Neural NGRAM Numpy Class Implementation

The NeuralNGram class implements a feedforward neural n-gram language model using NumPy. It learns to predict the next token in a sequence given a context of n-1 previous tokens. The model includes an embedding layer, a hidden layer with nonlinearity, and an output layer with softmax.

Constructor

Attribute Type Description
embedding_dimension int Size of the token embedding vectors.
vocab_size int Size of the vocabulary.
ngram_size int Size of the n-gram window (e.g., 3 for trigram).
lr float Learning rate for gradient descent.
hidden_layer_size int Size of the hidden layer in the neural network.

Functions

Method Parameters Returns Description
forward x: np.ndarray, y: np.ndarray = None, target: bool = True tuple or np.ndarray Performs a forward pass. If target=True, returns loss and logits; else returns probabilities.
backwards x: np.ndarray, y: np.ndarray None Performs a backward pass (gradient computation and parameter update).
fit train_data: list, valid_data: list, patience: int = 5, epochs: int = 10, batch_size: int = 32, lr_decay: float = 1.0 tuple (train_losses, val_losses) Trains the model using mini-batch SGD with optional early stopping and learning rate decay.
perplexity data: list, batch_size: int = 1 float Computes perplexity of the trained model over a dataset.
generate_sequence seed: list[int], idx_to_token: dict or callable, length: int = 20000, sample: bool = False list[int] Generates a token sequence given a seed context. Terminates on punctuation or max length.
Neural NGRAM Pytorch Class Implementation

The NeuralNGramTorch class implements a feedforward neural n-gram language model using PyTorch.

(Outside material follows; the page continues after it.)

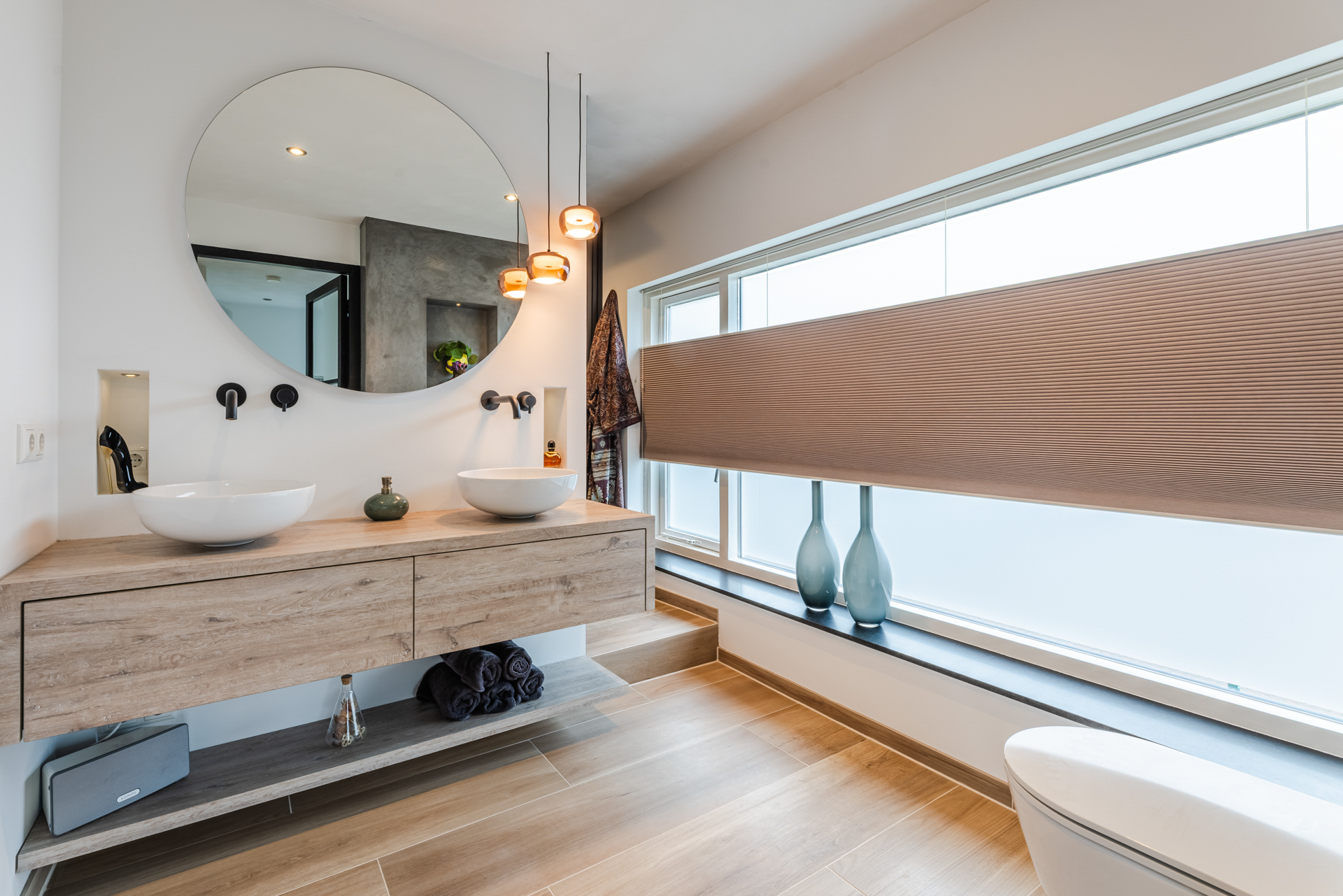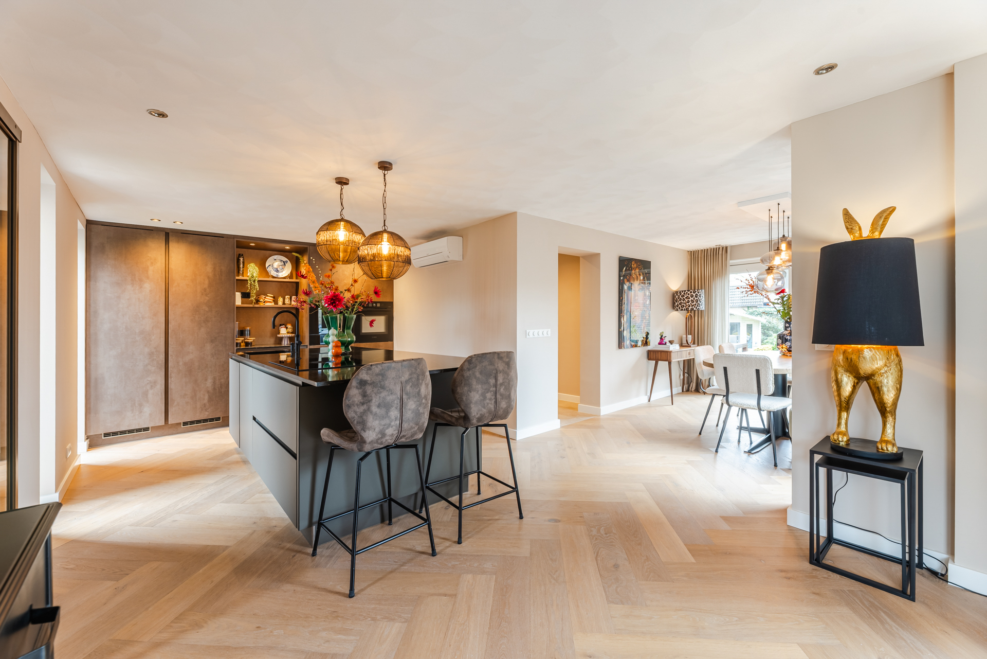 De houten visgraatvloer met vloerverwarming en de airconditioning (koelen én verwarmen) zorgen voor optimaal comfort.

It predicts the next token in a sequence using n-1 preceding tokens. The model uses an embedding layer, a hidden layer with tanh activation, and a final softmax layer for prediction.

Constructor

Attribute Type Description
vocab_size int Total number of tokens in the vocabulary.
ngram_size int Size of the n-gram window (e.g., 3 for trigram).
embedding_dim int Dimensionality of the embedding vectors.
hidden_dim int Size of the hidden layer.
lr float Learning rate for optimization.
device str Device to run the model on (e.g., "cpu" or "cuda").

Functions

Method Parameters Returns Description
forward x: torch.Tensor, targets: torch.Tensor = None logits, loss Performs a forward pass. Returns logits and optional cross-entropy loss.
fit train_data: list, valid_data: list, epochs: int = 10, batch_size: int = 32, patience: int = 5, lr_decay: float = 0.95 tuple (train_losses, val_losses) Trains the model with early stopping and learning rate decay.
perplexity data: list float Computes perplexity of the model on the given dataset.
generate_sequence seed: list[int], idx_to_token: dict or callable, length: int = 20000, sample: bool = False list[int] Generates a sequence of tokens from a given seed. Stops at punctuation or max length.
neural_ngram/main.py

In the main.py I did two things. First I trained both of the model (pytorch und numpy) and calculated their perplexity. Second I then generated a sequence with both of the models and compared them.

  1. Numpy Neural Ngram
    For the training of the Numpy Neural Ngram I used a BPE with k=1000 and n=3 so I can compare the perplexities of this and the classical ngram. Here you can see the model configurations:

    • Embedding Dimension: 64
    • N-Gram Size: 3
    • Hidden Layer Size: 128
    • Learning Rate: 0.5 (decayed by 0.95 each epoch)
    • Batch Size: 32
    • Patience (Early Stopping): 5 epochs
    • Max Epochs: 50

    Neural Ngram training plot

    The model achieved a final training loss of ~3.57, a validation loss of ~4.28, and a test perplexity of ~74.90. Early stopping was triggered at epoch 28 due to a plateau in validation loss. During training, the model exhibited rapid loss reduction in the initial epochs, indicating effective early learning. After around epoch 20, the validation loss plateaued, showing that the model had reached its generalization capacity. The use of early stopping prevented overfitting and ensured that the best-performing weights were preserved.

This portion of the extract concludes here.